About
Chris Miller is a senior translator specialising in fine-arts and literary translation from French. A Qualified Member of the Institute of Translation and Interpreting, he has translated more than sixty books.
He has worked for many of the major museums of the world, from Tate Modern, the Getty Museum and the Musée du Luxembourg to Kunstmuseum Basel, MONA (Tasmania), and the National Gallery of Singapore; his translations have been published by the Getty Research Institute, Yale University Press, Skira, Penguin, Holzwarth, Taschen, Blackwell, and Reaktion.
He has translated works by artists (Matisse), critics (Todorov, Cixous, Kristeva), and scholars (Dario Gamboni, Christian Michel, Jacqueline Lichtenstein, Dominique Poulot), alongside texts historical (Quatremère de Quincy, the Conférences of the Académie Royale de Peinture et de Sculpture) and contemporary (Galerie Max Hetzler, BFAS Geneva).
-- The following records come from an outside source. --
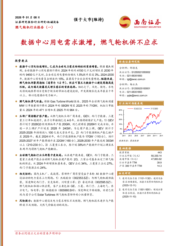 燃气轮机 电力需求 行业分析 产能扩张 数据中心
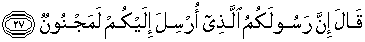 27. Fir'aun berkata: "Sesungguhnya Rasulmu yang diutus kepada kamu sekalian benar-benar orang gila."
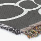 A quality printed throw has its advantages. This is a much finer weave throw than its loopier cousins, and though lighter, it is worth the investment for custom room accessorizing. The back is much prettier than the typical brown, and the fringe on the long sides very vivid, the selvage nicely done. Before photographing, I washed the throw in cold water, delicate, with a thicker woven throw the same size. On tumble dry low, this throw was dry in half the time as the other. This is a very practical quality if you use throws for furniture covers or to wrap up in frequently. The sleekness of the fabric makes it a great layer for accenting or protecting without the feeling of sitting on too much stuff. Perfect for napping or when you feel a light chill coming on. The color printing is beautiful and on this fabric, matched the design and color of my Photoshop image. This is an advantage for blending room fabrics and colors. The fringe on the short sides prints the colors from the design image and therefore varies from the side fringe. I streaked a white fractal line through the plaid pattern to give the illusion of weaving. This printed as crisp as an illusory thread, and put some white in the short side fringe, showing another advantage of print vs loomed- for artistic purposes, line lines, detail, and color integrity can be planned and preserved. My loomed throws have color limitations and more of a needlepoint texture. Print throws reproduce an exact image. The throw felt a little stiff straight out of the package, but this went away in the first delicate wash. Of course I searched the wash water for ink or bleeding and there was none.
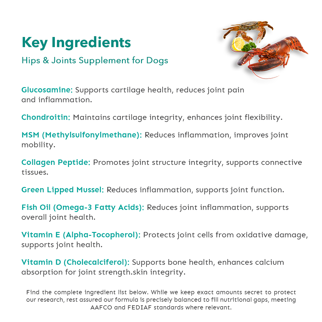 Boost your dog's mobility, enhance joint health, and support overall vitality. Help them run, play, and live pain-free.
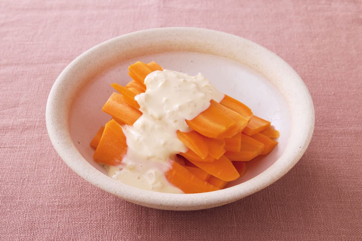 サラダやあえものにするときは、生で使うことの多いにんじんですが、かるく火を通すと甘みが増します。電子レンジ加熱は短時間でほどよく火が通ります。
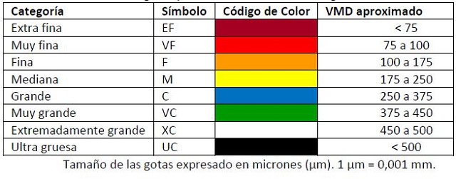 Tabla 1. Clasificación del tamaño de las gotas y su relación con la deriva según ASABE S-572.1
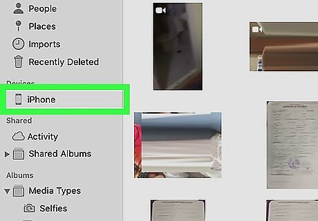Click the name of your external source on the left sidebar. Find the name of your camera or external drive on the sidebar, and click on it to view all the pictures here. You'll usually find your source under the "Import" heading. If you don't see the sidebar in Photos, click the View tab on the menu bar at the top of your screen, and select View Sidebar on the menu. Alternatively, press ⌥ Option+⌘ Command+S on your keyboard to view and hide the sidebar.
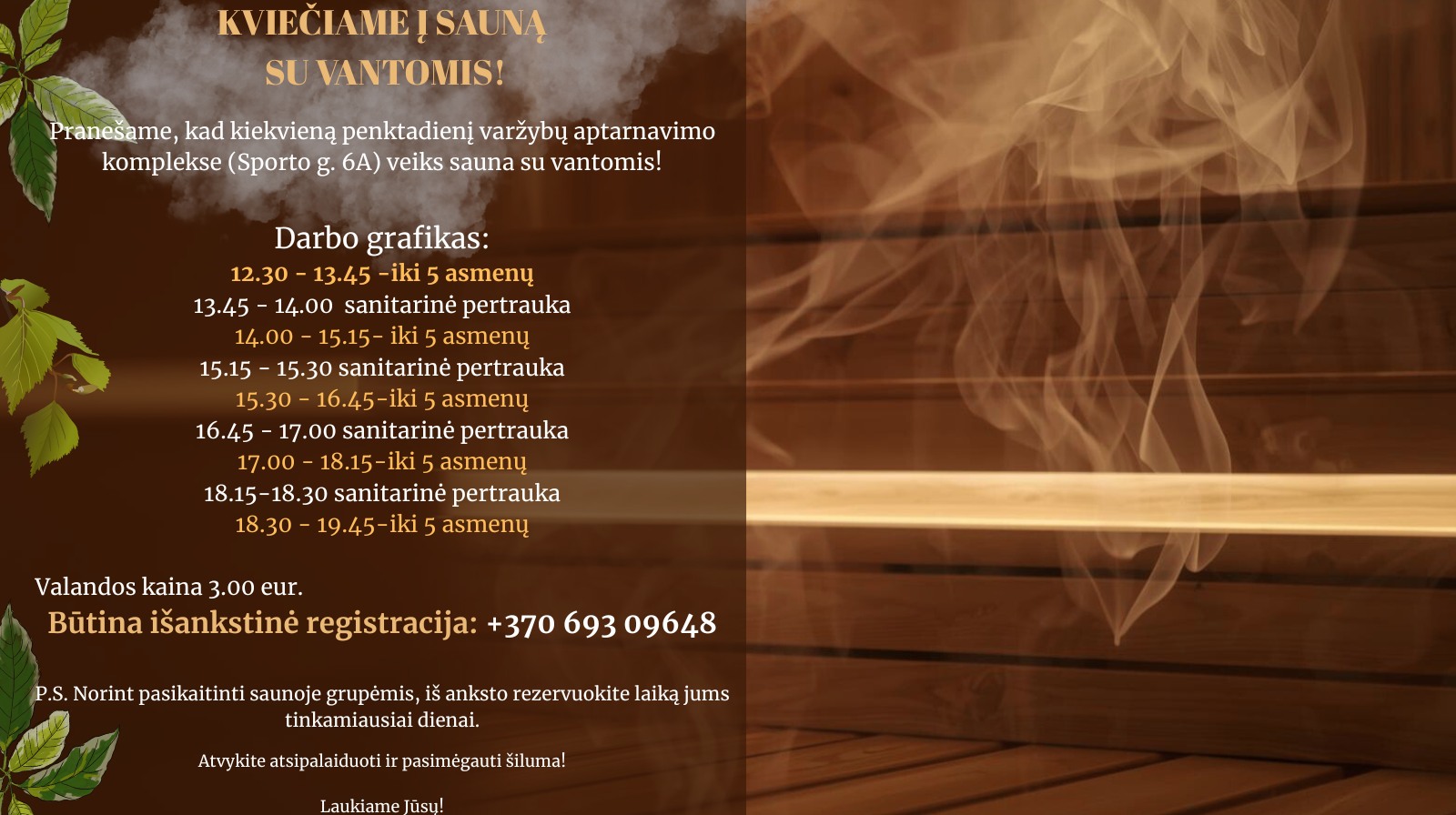 Taip pat yra galimybė sauną rezervuoti grupėms jums patogiausią dieną – kviečiame susisiekti iš anksto.
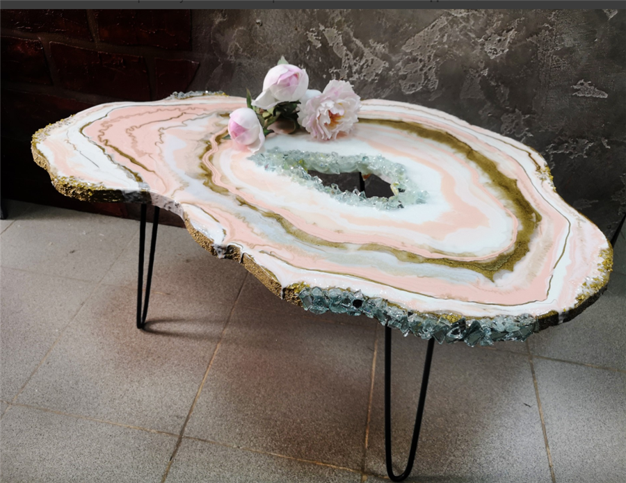 • Новая форма столешница (из чего и как), детали заливки и работа со смолой, чернилами и новыми пигментами, работа только со светлыми оттенками.
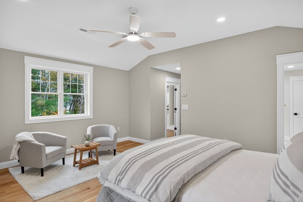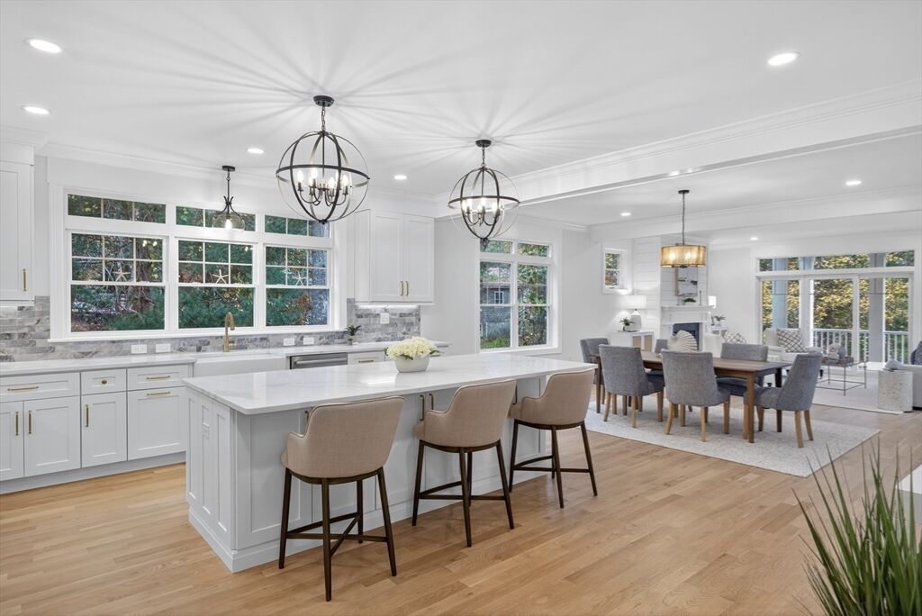 Experience the perfect blend of casual elegance, comfort and function in this thoughtfully designed 3,700 sf custom home. The bright, open floor plan features a chef's kitchen with quartzite countertops, Bosch appliances and 9' center island flowing seamlessly into the dining and living areas. Enjoy a cozy gas fireplace, white oak flooring throughout, a private home office & access to a spacious deck ideal for entertaining or relaxing in privacy. The primary suite offers a luxurious retreat with a spa-like bath, large walk-in closet & private deck overlooking serene surroundings. 3 additional bedrooms, 2 full baths and a convenient laundry room complete the upper level. The walk-out lower level provides a versatile Bonus Room with high ceilings, large windows & direct access to an outdoor patio perfect for gatherings. Exceptional property offering the best of Cape Cod Living & Commuter Convenience. This is a rare opportunity! Agent related to Seller.
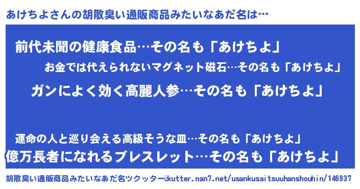 | ヘコむあだ名 | 『あけちよ(小並感)』『あけにー』 |
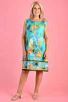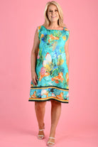 Introducing our St Gilies Dress! The epitome of fun with a thick strap and scoop neckline, this above-the-knee dress is perfect day dress! Paired with your favourite sandals or strappy heels, our Tropical Punch print is a stand out with the striped bottom detail !
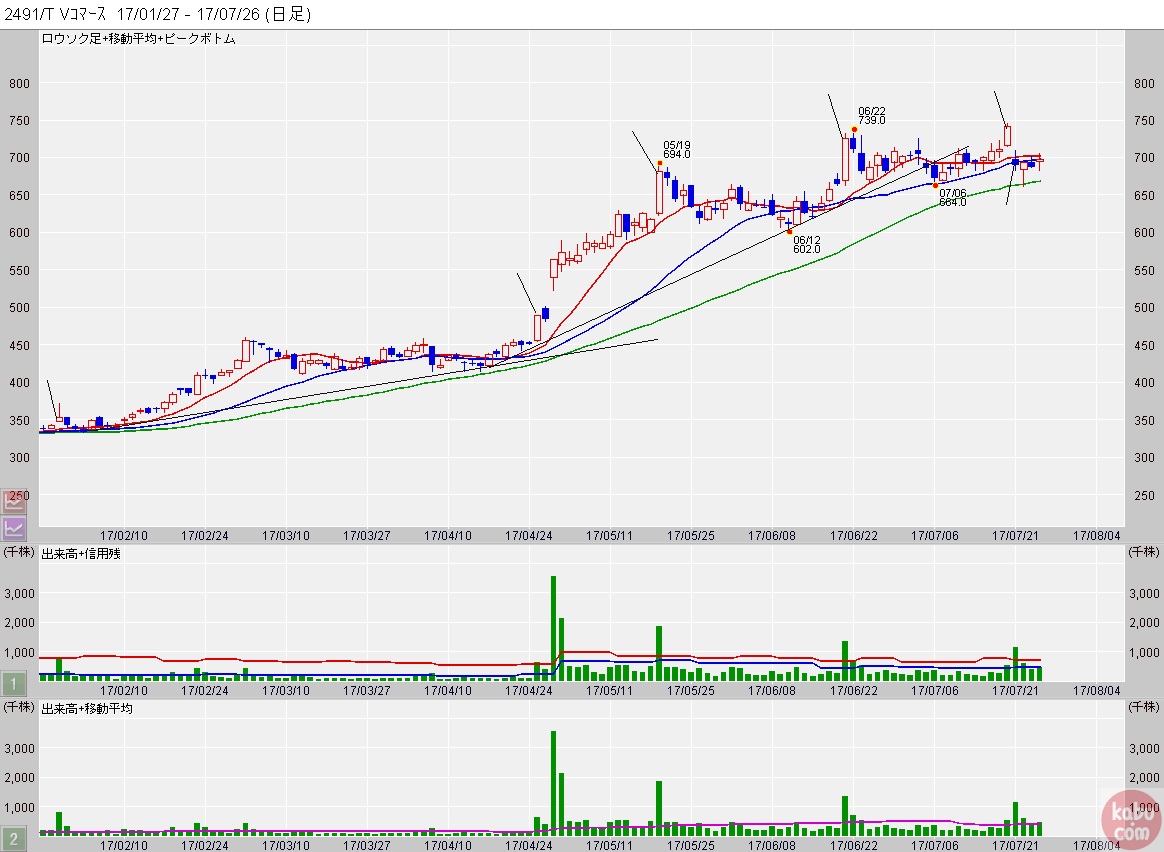 バリューコマースの株を取引したことがありますか?みんかぶアセットプランナーに取引口座を連携すると売買履歴をチャート上にプロットし、自分の取引を視覚的に確認することができます。
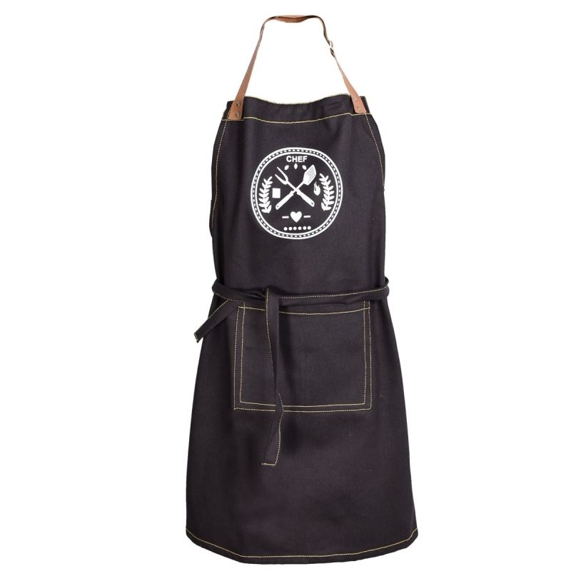 Kuchyňská zástěra v rozměru 70x80 cm se vzorem příboru a nápisu "CHEF" v černé barvě ze 100% bavlněné pevné rifloviny.
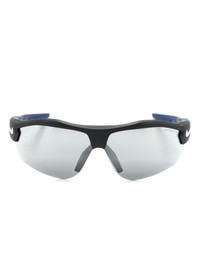 Show X3 biker-style frame sunglasses Highlights - Black - Lightweight - Ergonomic design - Matte effect - Biker-style frame - Half-rim design - Mirrored lenses - Nose pads - Ventilation panels - Signature swoosh logo detail - Sculpted arms - Straight tips - These glasses come with a protective case. Imported Composition PVC 100% SIZE & FIT Measurement Arm Length 5.11 in(13 cm) Bridge Width 0.35 in(0.9 cm) Lens Diameter 2.83 in(7.2 cm) Total Width 5.82 in(14.8 cm)
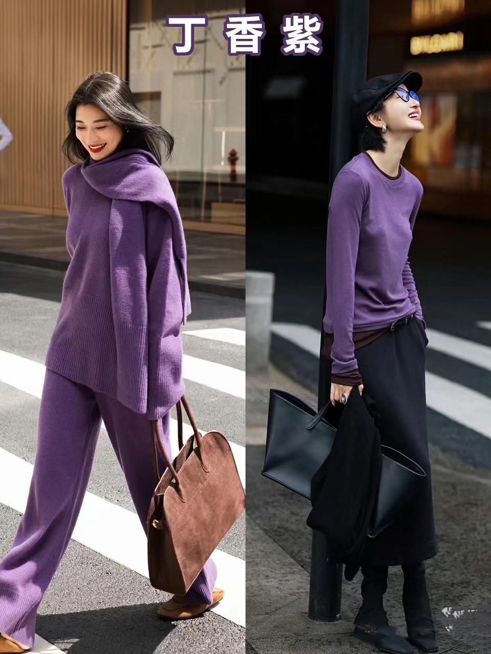 丁香紫可以贯彻全身,也可以选择一两件单品,这种饱和度高的颜色,并不那么挑人,显白但更容易驾驭。
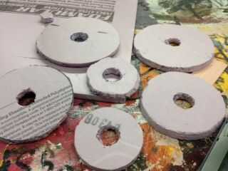 Tomar tres diferentes tamaño de objetos circulares. Trace 2 círculos para cada objeto en la espuma de poliestireno. Recortar los círculos con el cuchillo exacto. Cortar un círculo desde el centro de cada círculo trazando el tubo en el centro.
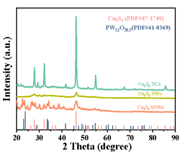 Chiều rộng nửa đỉnh của mặt phẳng tinh thể Cu9S5 SNWs (001) lớn hơn đáng kể so với hai dạng mẫu còn lại. Theo công thức Scherrer, kích thước hạt càng nhỏ thì chiều rộng nửa đỉnh nhiễu xạ tương ứng càng lớn. Ngược lại, kích thước hạt càng lớn thì nửa chiều rộng đỉnh nhiễu xạ càng sắc nét. Do kích thước dưới nanomet (0,95 nm) của mẫu Cu9S5 SNW và thực tế là mẫu thể hiện cấu trúc đơn bào không có mặt phẳng tinh thể hoàn chỉnh, chiều rộng nửa đỉnh lớn hơn đáng kể, trong khi chiều rộng nửa đỉnh (001) của Cu9S5 SNW cao hơn.
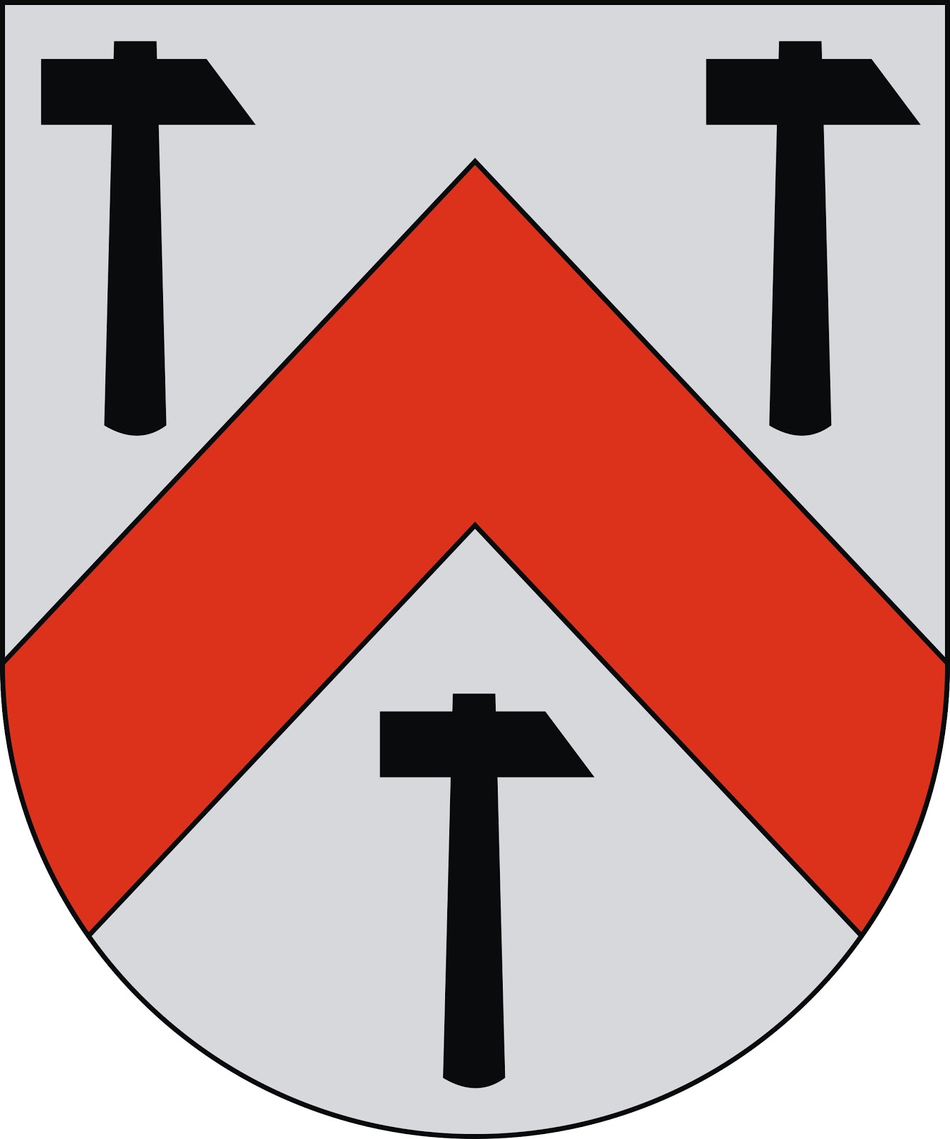 De oro, una banda de sable acompañada en en lo alto de dos lobos de sable y en lo bajo de dos calderas de sable.
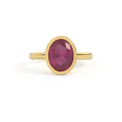 Bezel Oval Ruby 18K Yellow Gold Ring
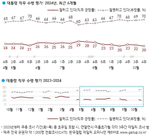 ‘갤럽’의 대통령 지지도 여론조사에서는 ‘윤석열 대통령이 현재 대통령으로서의 직무를 잘 수행하고 있다’고 보는 긍정 평가가 40일여 만에 다시 20%, 최저치로 떨어졌고, 부정 평가 역시 최고치 70%를 기록했다. 어느 쪽도 아님 3%, 모름/응답거절 7%.
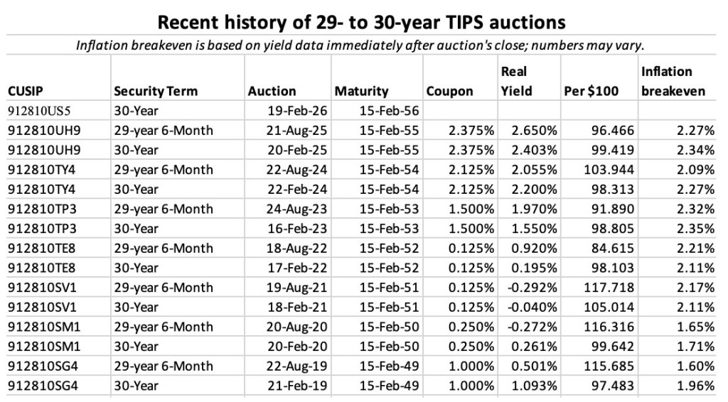 • For the right investor, this week’s 30-year TIPS auction will have appeal
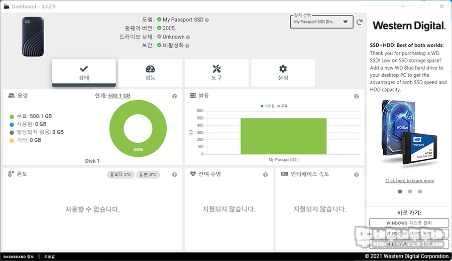전체적인 디스크 상태, 성능, 도구 그리고 설정 메뉴를 통해 포맷 및 TRIM, 펌웨어 등의 관리가 가능한 WD의 대시보드 프로그램을 통하여 WD NEW My Passport SSD 관리도 가능하니 참고하시면 좋을 거 같습니다.

His forte is working in close collaboration with his authors, ensuring that the final text in English exactly reflects the author’s intention, as this emerges from the translation process.
His translations have covered many different fields of the arts, including sculpture, rock art, architectural history, conceptual art, photography, cinema and painting (from the Old Masters to Impressionism, Modernism and Contemporary). They range in scale from catalogues raisonnés and volumes of art history to press releases, captions and audio guides for gallery and museum exhibitions. He is also an author and critic in his own right.
Chris also translates from Spanish, having worked for the Dalí Theatre-Museum, the Getty Museum, Tate Modern, the artist Manuel Saiz and others.
A native English speaker bilingual with French, he is also a fluent reader of Italian and Portuguese and conversant with Catalan, Latin and Ancient Greek. He read Classics at Merton College, Oxford (1973–77), lived in Paris for four years, and has worked in Copenhagen and Bogotá. Co-founder of the Oxford Amnesty Lectures (1990–2008), a four-year member of the panel of the Oxford-Weidenfeld Translation Prize (2006–09), he is based in Oxford, England.